Privacy Policy

PRIVACY POLICY – dotaswapper.com

Effective Date: April 17, 2026

1. DATA CONTROLLER AND OVERVIEW

1.1. Identity of Controller. ZORVET LTD (Company No. 17134711), registered in England and Wales, is the Data Controller responsible for processing your personal data.

1.2. Scope. This policy explains how we collect, use, and safeguard your information when you visit dotaswapper.com and use our services, including purchasing gaming skins.

1.3. Agreement. By using our website, you agree to the terms outlined in this Privacy Policy.

2. INFORMATION WE COLLECT

2.1. Identity Data. We collect your name, email address, and billing address.

2.2. Transactional Data. This includes order history, receipts, and payment confirmations.

2.3. Financial Details. Payments are processed by third-party providers; we do not store full card numbers.

2.4. Steam & Technical Data. We collect your Steam username, trade URL, IP address, device type, and operating system.

2.5. Verification Data. This includes identity documentation and proof of address required for AML/KYC purposes.

3. DATA COLLECTION AND USAGE

3.1. Collection Methods. Data is collected directly from you, automatically via cookies, and from third-party payment processors.

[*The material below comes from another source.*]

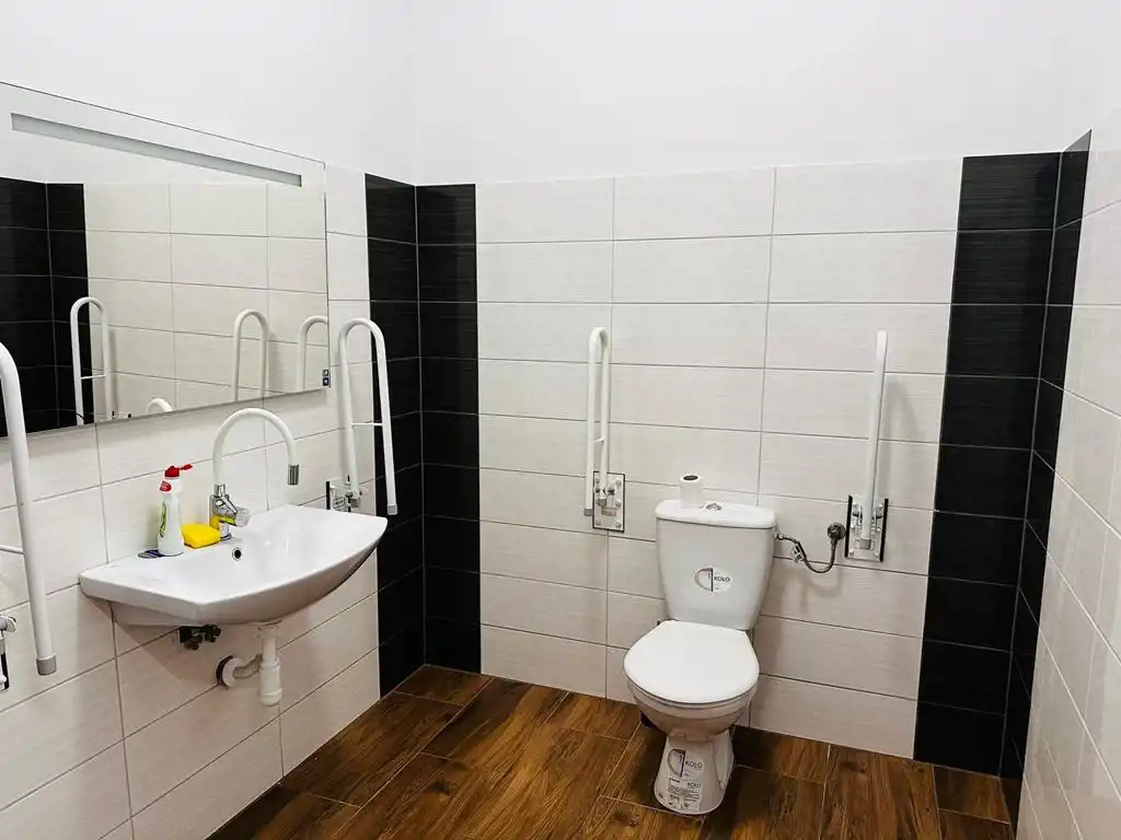 Sanitariat jest wspólny, dostępny dla wszystkich najemców. Budynek wyposażony w instalację alarmową i monitoring oraz szybki internet (światłowód). Przy budynku duży parking na wiele samochodów.

3.2. Purpose of Use. We use data to fulfill orders, communicate regarding transactions, improve site security, and meet legal obligations (tax, AML/CTF).

3.3. Legal Basis. Processing is limited to what is necessary for contract performance, legal compliance, and fraud prevention.

4. DISCLOSURE AND RETENTION

4.1. Data Sharing. We share data with acquiring banks, payment processors, Steam/Valve, and legal regulators when required.

4.2. Retention Periods. KYC/AML records are kept for at least 5 years. Transaction data is retained for up to 6 years for accounting purposes.

4.3. Support Correspondence. Stored as long as necessary to resolve queries and maintain records.

5. YOUR RIGHTS AND SECURITY

5.1. UK GDPR Rights. You have the right to access, correct, or erase your data, restrict processing, and lodge a complaint with the ICO.

5.2. Security Measures. We apply technical safeguards like encryption, but you are responsible for keeping your login credentials confidential.

5.3. Automated Decisions. Certain transactions are subject to automated fraud checks; you have the right to request a human review of these decisions.